After a few years of selling their new personal computers (PCs), IBM decides that it is time to upgrade to a new PC operating system and, once again, they ask Microsoft to design and program their next operating system, to be named OS/2. Gates says, "From the very beginning--and much to our surprise--Microsoft was pretty successful. In large part, that was because we lived and breathed software, stopping only to eat and catch a few hours of sleep here and there. We were totally hard-core about succeeding right out of the gate."
While developing OS/2 under contract to IBM in the late 1980s, Microsoft leadership recognize there is a large installed base of DOS personal computers that could be upgraded to new graphical user interface (GUI) technology. Gates and Co. conclude that such an operating system upgrade would allow this significant PC customer base to continue using their DOS machines.
The Microsoft corporate strategy is to enter two product horses in the race to satisfy the consumer's PC needs: the new IBM OS/2 and a DOS upgrade called "Windows" that would be developed and funded internally within Microsoft. To make Windows successful, Microsoft management proactively establishes strategic alliances with as many independent software vendors (ISVs) as possible.
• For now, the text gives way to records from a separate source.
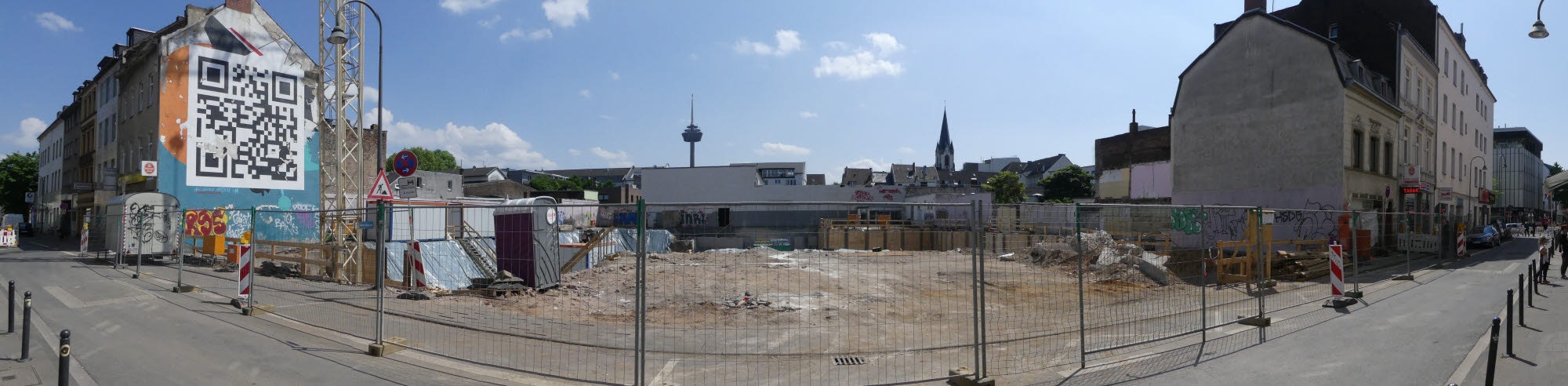 Panoramablick auf die Baulücke mit dem beschädigten Haus an ihrem rechten Rand.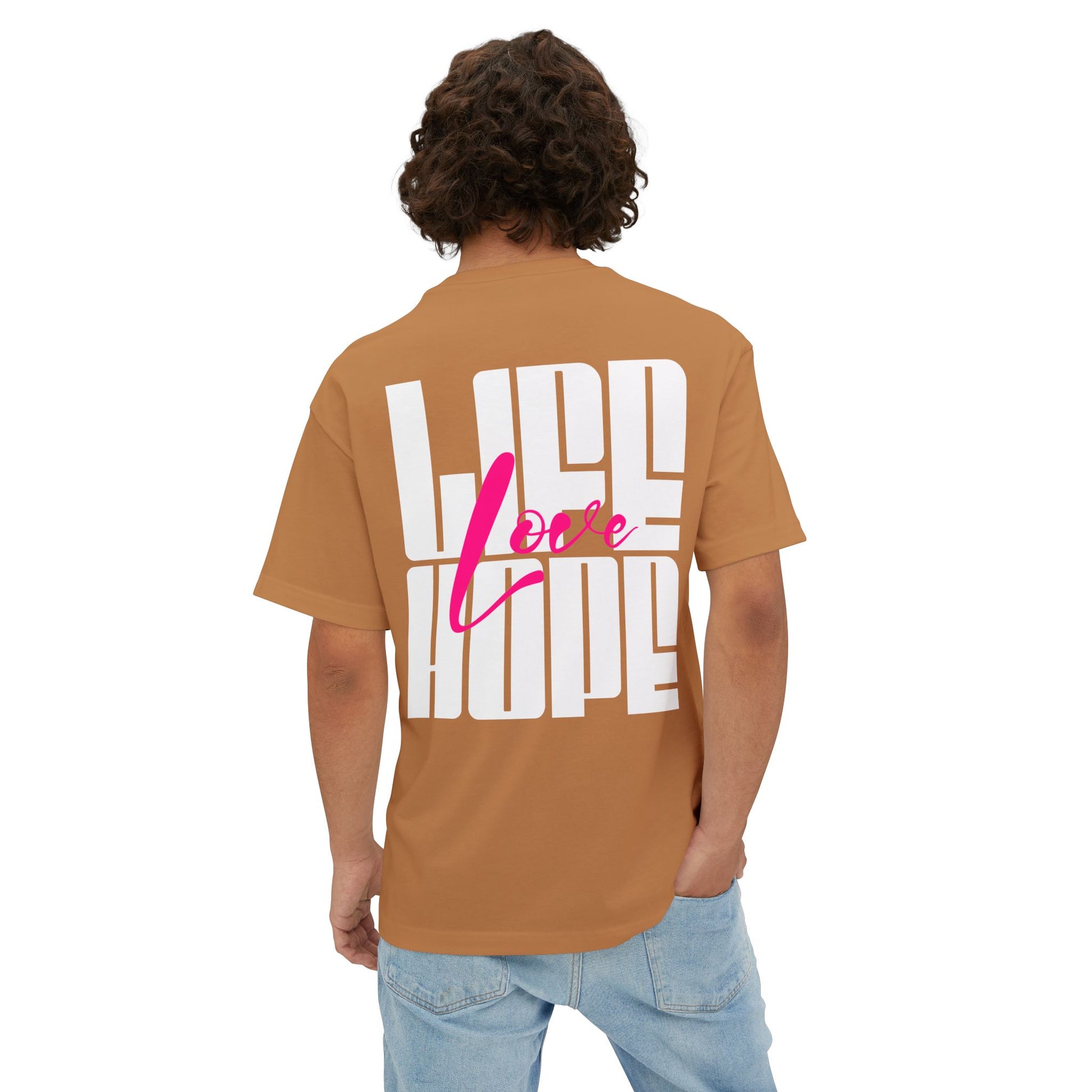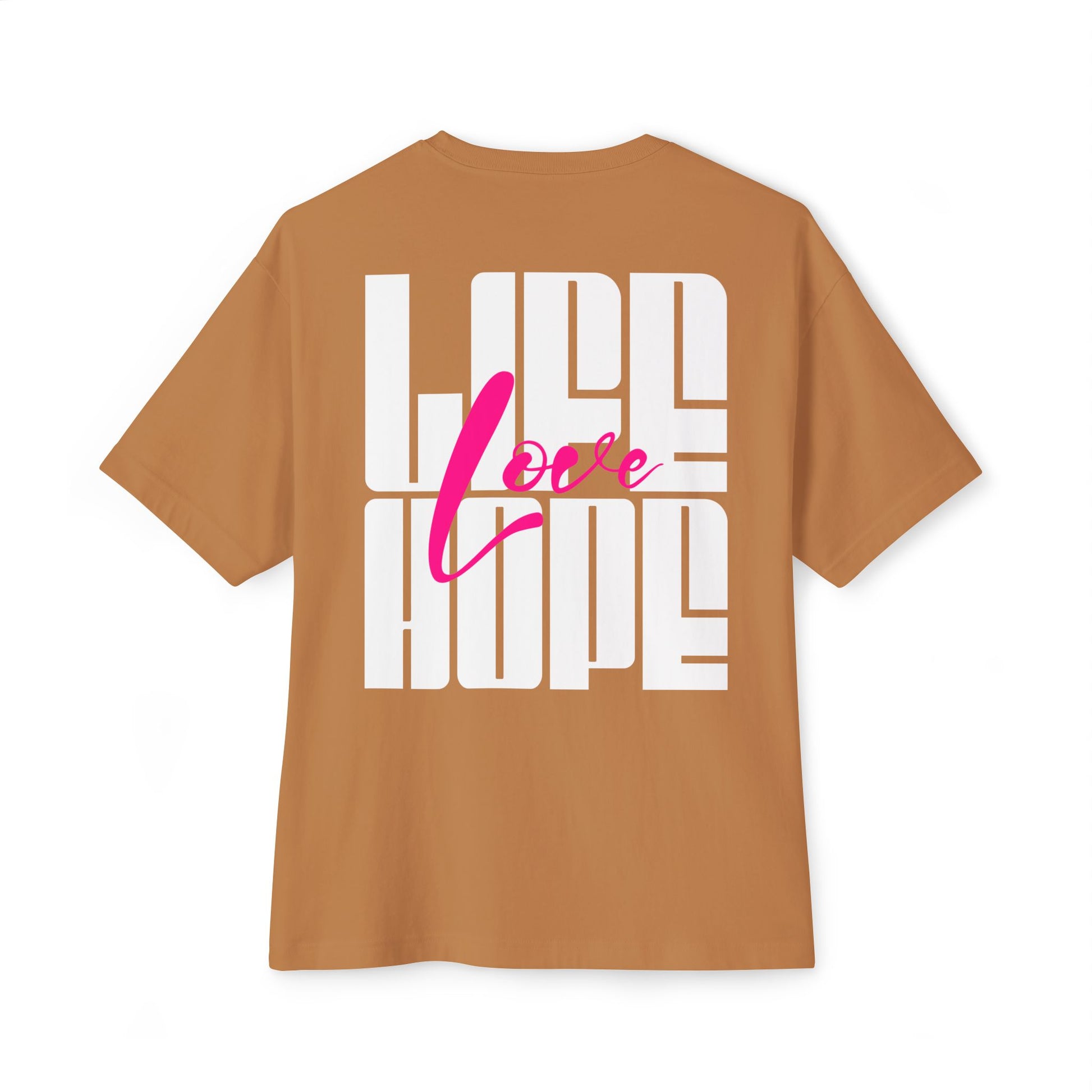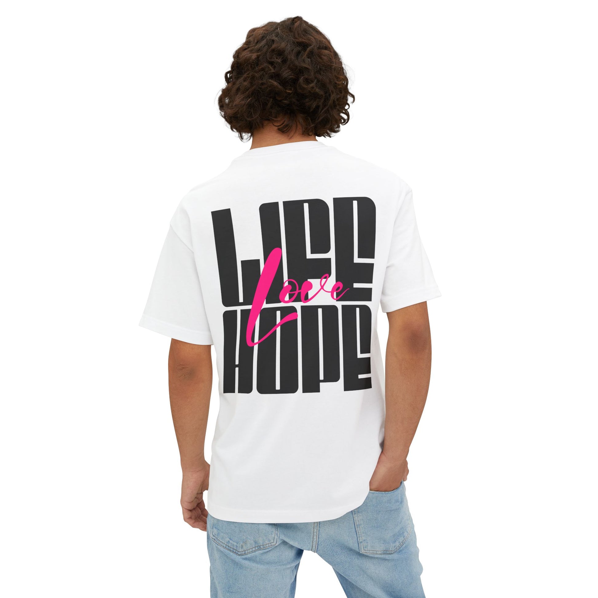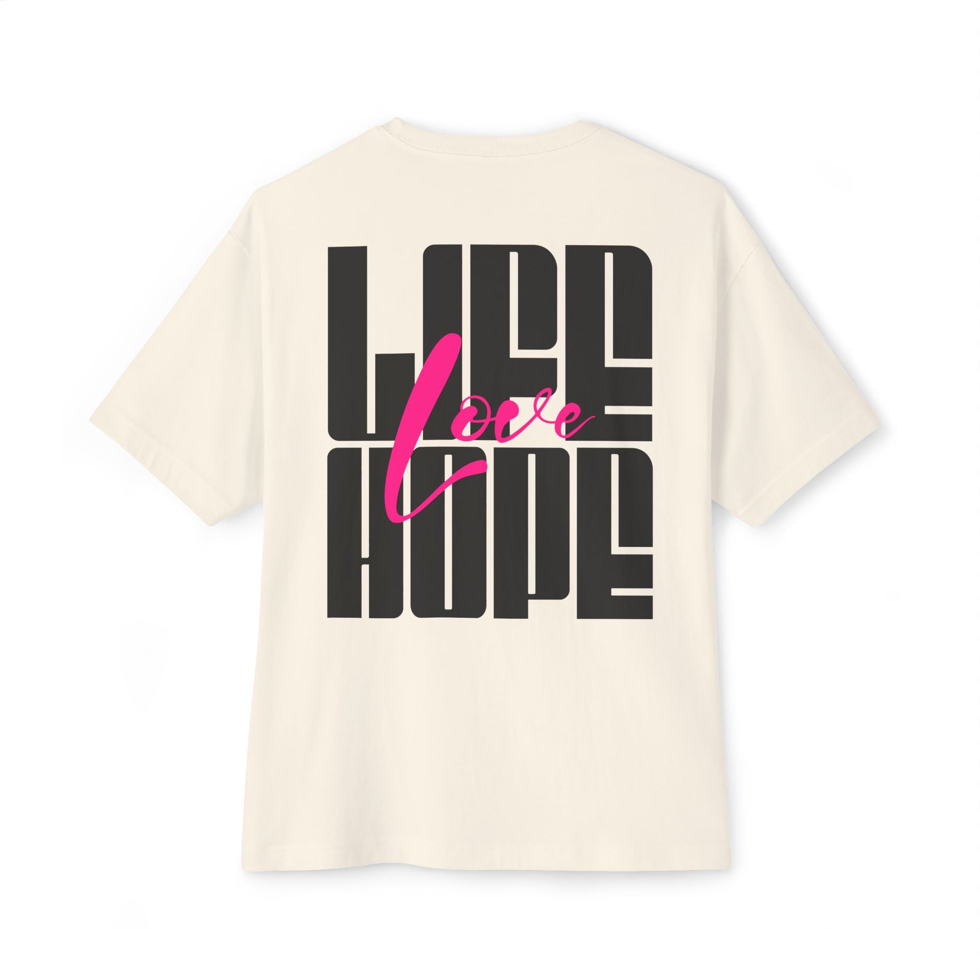 Bold words. Bigger comfort. The Love Life Hope oversized T-shirt is your daily reminder to stand tall, stay strong, and never give up on what matters most. With a relaxed fit and premium cotton, it’s ideal for effortless style while spreading a message of resilience and hope.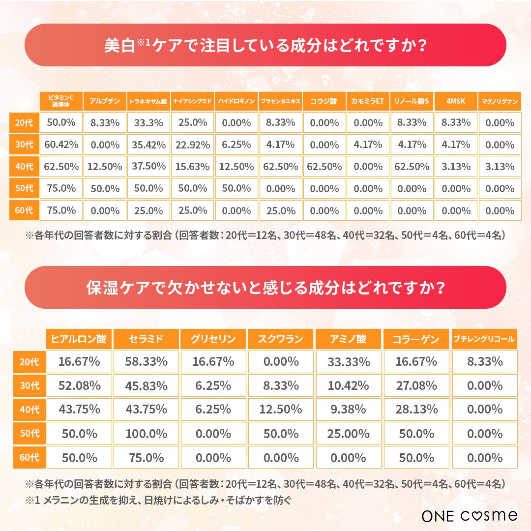中でも、ビタミンC誘導体やセラミドなどの定番成分に注目する声が多く、肌状態の変化にあわせて「透明感ケア」と「保湿強化」を両立させたいというニーズが見られました。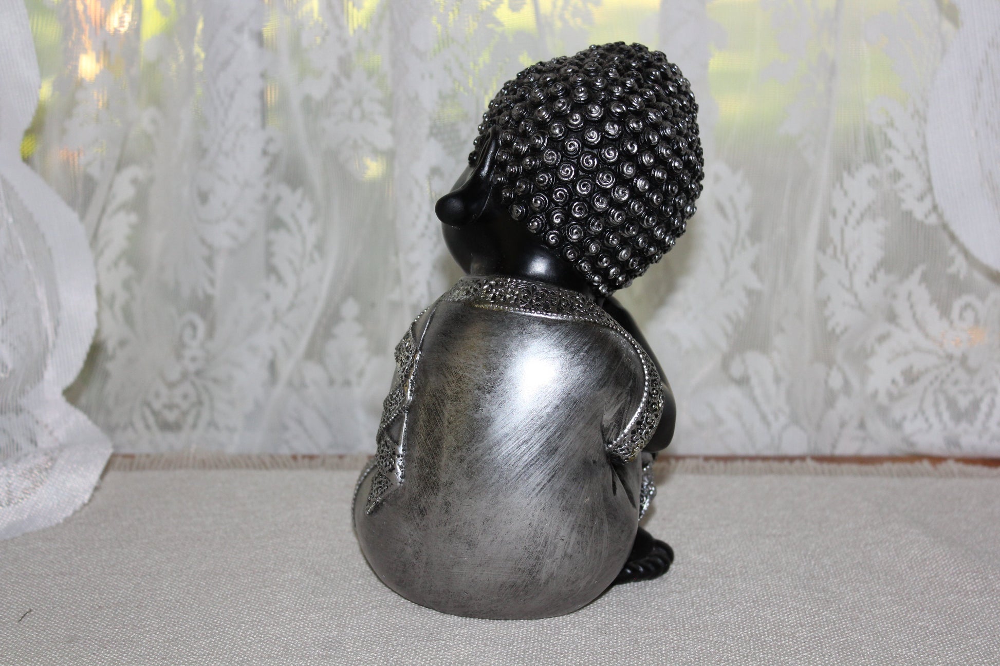 This Cute black and silver Buddhist Monk Statue is 220mm (h).
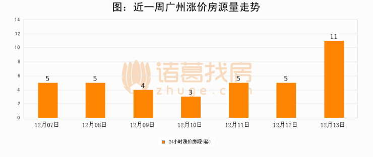 根据诸葛找房数据显示,广州24小时涨价房源量为11套,较12月12日增加6套,环比上涨120%。与此同时,涨价房源占比小幅扩大,业主信心有所提升。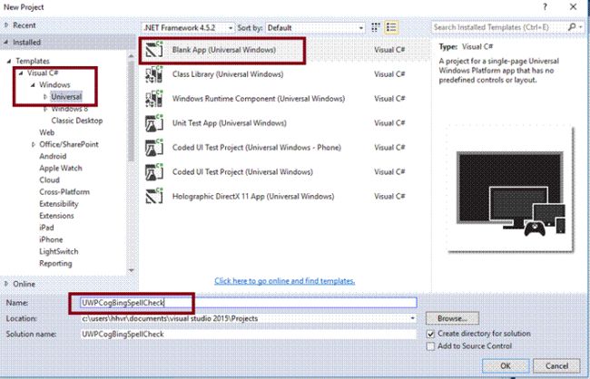Open Visual studio 2015 -> Start -> New Project-> Select Universal (under Visual C#->Windows)-> Blank app -> Give the suitable name for your app (UWPCogBingSpellCheck)->OK.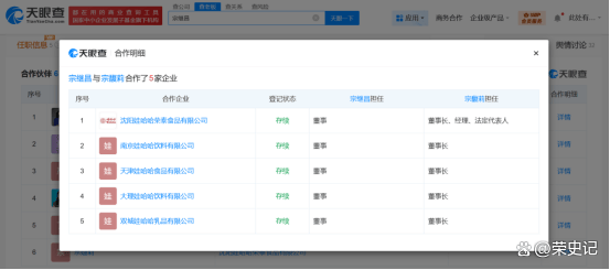 数据不会撒谎。根据天眼查数据显示,宗馥莉和杜建英存在共同关系的公司一共有12家,其中陕西娃哈哈乳品有限公司、南京娃哈哈饮料有限公司等7家企业的股东名单上竟然出现了杜建英的长子宗继昌的名字。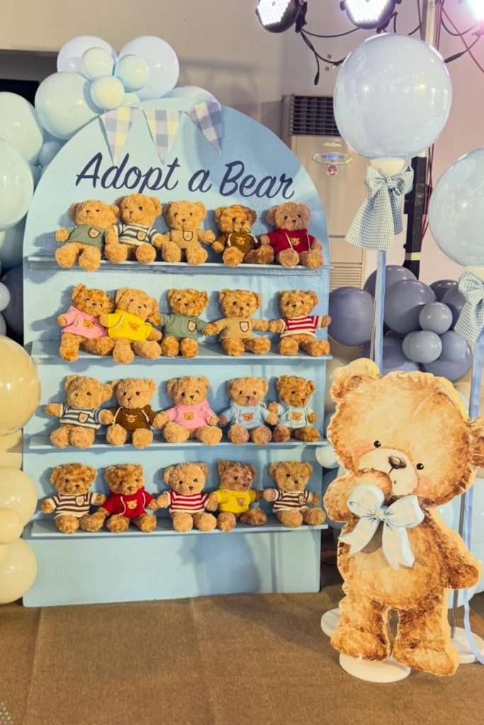 This could be a teddy bear photo backdrop, a swing surrounded by balloons, or even an “Adopt a Bear” station where guests pick a small teddy as a favor.

The ISVs develop new Windows-based application upgrades to the large DOS machine customer base as Microsoft distributes beta test Windows software to the ISVs (allowing the ISVs to gain a working knowledge of the new Windows operating system architecture)....long before the Microsoft Windows operating system upgrade is introduced to the marketplace. This Microsoft-ISV collaboration leads to more application software being available for Windows than any other operating system on the market.
This market leadership allows Microsoft to move from a provider of operating system software to an application software provider: delivering office process automation for word processing, spreadsheets, presentation graphics, etc. Soon, these individual applications are bundled into software suites, like Microsoft Office, and sold profitably with comprehensive site licenses throughout end user organizations.
By 1992, Microsoft's operating systems would be installed on seventy-five percent of the world's personal computers. Today, IBM is out of the personal computer business and Microsoft is one of the wealthiest companies with eighty-six percent market share and thirty-six billion dollars in sales.